Мы должны выпускать сложное гражданское оборудование, того же, примерно, уровня, что и основная наша продукция. В конце 1980-х годов меня заинтересовала медицинская техника. Как-то Наталья Петровна Бехтерева на встрече с членами Российской академии наук посетовала, что не удается изготовить стереотаксический манипулятор. Мол, обратилась с такой идей к ЛОМО, а у них ничего не получилось. Я приехал к ней в институт, посмотрел манипулятор. И через полтора года мы создали свой: разработали конструкцию, технологию, сделали образцы. Дальше оказалось, что в России наша разработка не востребована, ставка в здравоохранении делается на импортную технику. Помог кризис 1998 года: курс валюты резко вырос, и мы поставили порядка 20 своих систем в нейрохирургические клиники страны. Системы назывались "Ореол", они и поныне используются в нейрохирургами ИМЧ РАН, Военно-медицинской академии.
Спустя почти 20 лет, когда государство поставило перед оборонными предприятиями задачу диверсификации, мы вернулись к медицинской тематике, начав разработку роботизированных систем. Сегодня нейрохирургическое оборудование у нас разрабатывает компактный молодой коллектив: конструктор и три инженера во главе с лидером, отличным специалистом по следящим системам. Наши инженеры работают в тесном контакте с докторами ИМЧ РАН. Меньше чем за год были разработаны экспериментальные образцы медтехники. Мы создали не только стереотаксический роботизированный манипулятор, но и криодеструктор, с помощью которого осуществляется заморозка патологических участков головного мозга. Этот комплекс оборудования позволяет спасать пациентов с заболеваниями центральной нервной системы, злокачественными новообразованиями. Установки прошли уже ряд испытаний, на очереди клинические исследования.
– Как планируете продвигать медтехнику?
– Это большая проблема, ведь отечественное здравоохранение ориентировано на закупку импортного оборудования. Мы начали с того, что выбрали 3-4 медицинских учреждения, с которыми согласовываем конфигурацию разрабатываемой техники. И именно в эти организации будут направлены первые серийные образцы. Кроме того, на конференциях нейрохирургов и выставках мы демонстрируем систему, объясняем её преимущества. И пока встречаем положительные отклики.
Мы понимаем, что находимся в том же положении, что и большинство оборонных предприятий, и при разработке гражданской техники не можем рассчитывать на финансовую помощь. Деваться некуда, разрабатываем за свой счёт. А вот поддержку для продвижения комплексов на рынок получить надеемся. Юрий Иванович Борисов об этом уже говорил. К сожалению, наш внутренний медицинский рынок небольшой, на экономике предприятия медицинское направление всерьёз не скажется. Но наша медтехника – это действительно высокотехнологичное оборудование, продукция нашего класса.
– Экспортировать нейрохирургические комплексы не планируете?
– Опыт говорит, что пока система не стала широко использоваться внутри страны, заниматься экспортом бессмысленно. Но уже сейчас в тех странах, где работаем по основной тематике, постепенно распространяем информацию о своих медицинских системах.
– Большая проблема для наших экспортеров – создание сервисной сети и поставка запчастей…
– Да, это главное. Система, когда заказчик вынужден год-полтора ждать замены или ремонта вышедшего из строя модуля – ненормальная система. Один из членов нашей новой Корпорации морского приборостроения имеет положительный опыт создания совместных предприятий за рубежом. И мы рассчитываем, что этот опыт будет расширен на все предприятия.

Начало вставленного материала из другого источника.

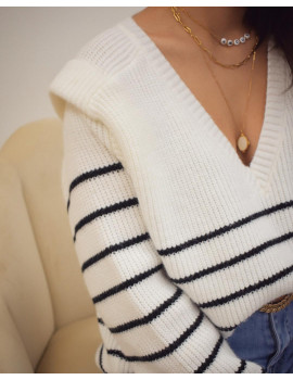Pull à épaulettes écru. Col V. Mailles tressées. Taille unique. Camille porte habituellement du 34 et mesure 1,58 m. Fabriquée en Chine. Entretien :

КОРПОРАЦИЯ МОРСКОГО ПРИБОРОСТРОЕНИЯ
– Корпорация морского приборостроения, с одной стороны, объединяет близкие по тематике организации, с другой, все они специализируются на своих специфических направлениях. В чем ещё, кроме создания сети сервисной поддержки возможно взаимодействие и синергия?
– Морские приборы работают в палубной системе координат. Далее надо из нее надо пересчитать в геодезическую или какую-либо другую систему координат. И сделать это независимо от того, речь идет о радиолокаторе, гидроакустике или навигационном комплексе. Вот эти вещи каждое предприятие разрабатывает самостоятельно. Необходимо сделать так, чтобы они были модулями, которые ставятся в комплекс или систему. Есть и другая сторона вопроса, значительно более серьезная и важная. Дело в том, что каждое из предприятий обладает набором технологий. На их создание уходят годы и сотни миллионов рублей. Поэтому использовать технологии друг друга для повышения качества продукции – это основной мотив. Здесь, правда, все упирается в то, что корпорация должна пресекать конкуренцию. И получается, конкуренции не должно быть, а значит, ничего нового не появится. У нас очень опытное руководство корпорацией. Думаю, что с течением времени всё это отрегулируется.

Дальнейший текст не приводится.